Gryphon Circle at 50

Fifty years ago, in 1968, Gryphon Circle was founded at then-Marymount College. Marymount was in its eighth year in Palos Verdes. But along with its picturesque location came geographic isolation which, to Raymunde McKay, R.S.H.M., Marymount’s president, was a reason to consider relocating the Marymount operations to the Loyola campus in Westchester. “We weren’t even close to the other churches in Palos Verdes,” recalls Rene Harrangue, then vice president at Marymount and now LMU professor emeritus and former provost.

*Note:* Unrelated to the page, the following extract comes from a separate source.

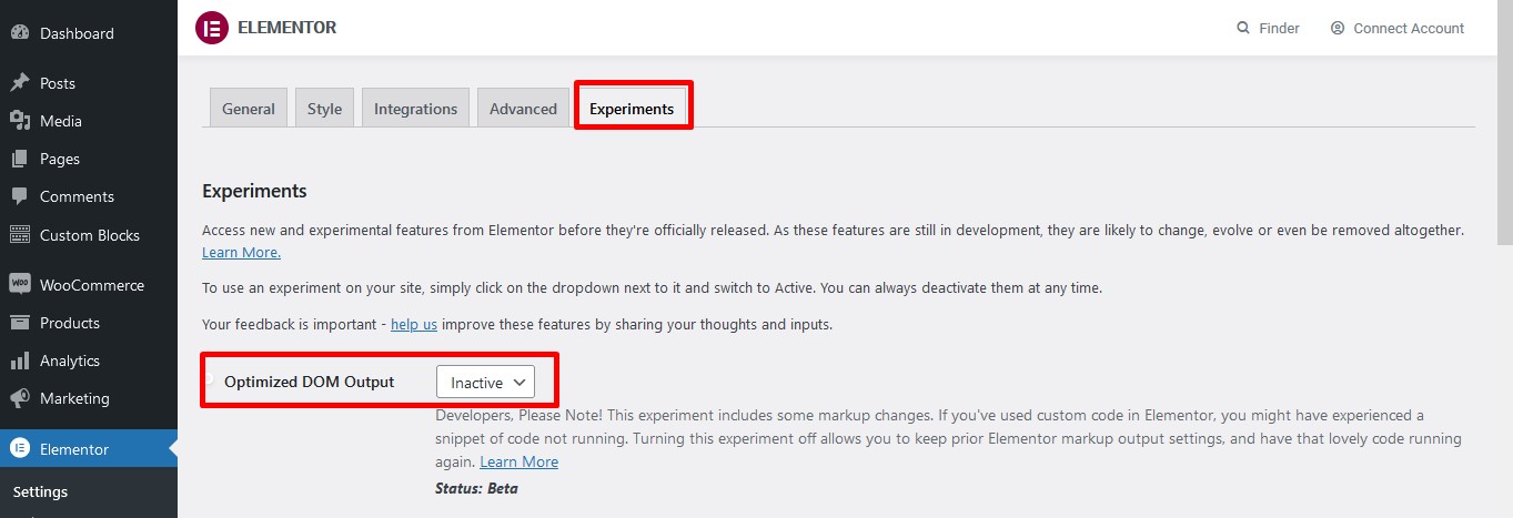 + Next choose tab Experiments >> at Optimized DOM Output: Choose Inactive >> click Save Changes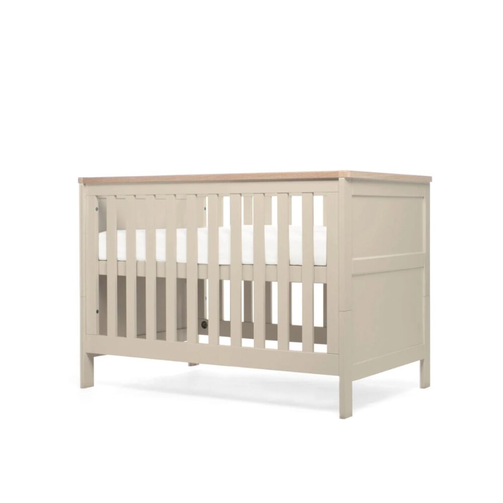 Our Wedmore Small Cotbed range is a modern classic three-piece nursery set designed to kit out smaller spaces without sacrificing style or comfort. The Small Cotbed is carefully designed to fit perfectly in more compact nursery layouts while providing your little one with a roomy and comfortable sleep space. As your child grows, the Small Cotbed easily converts into a toddler bed, offering restful sleep until they reach four years old. Combined with the Wedmore wardrobe and dresser, this neutral two-tone set with soft wood effect accents creates a cohesive and stylish look. Plus, its adjustable features and ample storage ensure you won’t need to replace furniture as your little one grows.

McKay, says Harrangue, sounded out Gryphon members when making important student-related decisions. But that was not all. “McKay wanted to found a group so that the Marymount students would learn in their education to be of service to others.” After starting the Gryphons at McKay’s request, Harrangue became their first moderator.

Pam Rector ’77, director of the Center of Service and Action and a Gryphon alumna, recalls helping at registration, when students signed up for classes by requesting computer cards for the classes they sought. But Gryphons by the mid-’70s were also volunteering at Juvenile Hall.

By the time Cathy Dellacamera ’91 was a member, Gryphon’s moderators were Peg Dolan, R.S.H.M. and Michael O’Sullivan, former vice provost for academic affairs and professor of psychology. Over the years, she has bonded with Gryphons who came before and after her. Dolan and O’Sullivan, she says, instilled a spirit that transcends a student’s four-year window at LMU.

“Because of the shared experience,” Dellacamera says, “you don’t start at square one, because of that common bond of being in Gryphon Circle.”

“Sr. Peg said once, ‘I’m not really a fundraiser, I’m a friend-raiser.’ That’s what the Gryphon Circle was about: You’re building friendships and doing amazing things together as well as doing service.”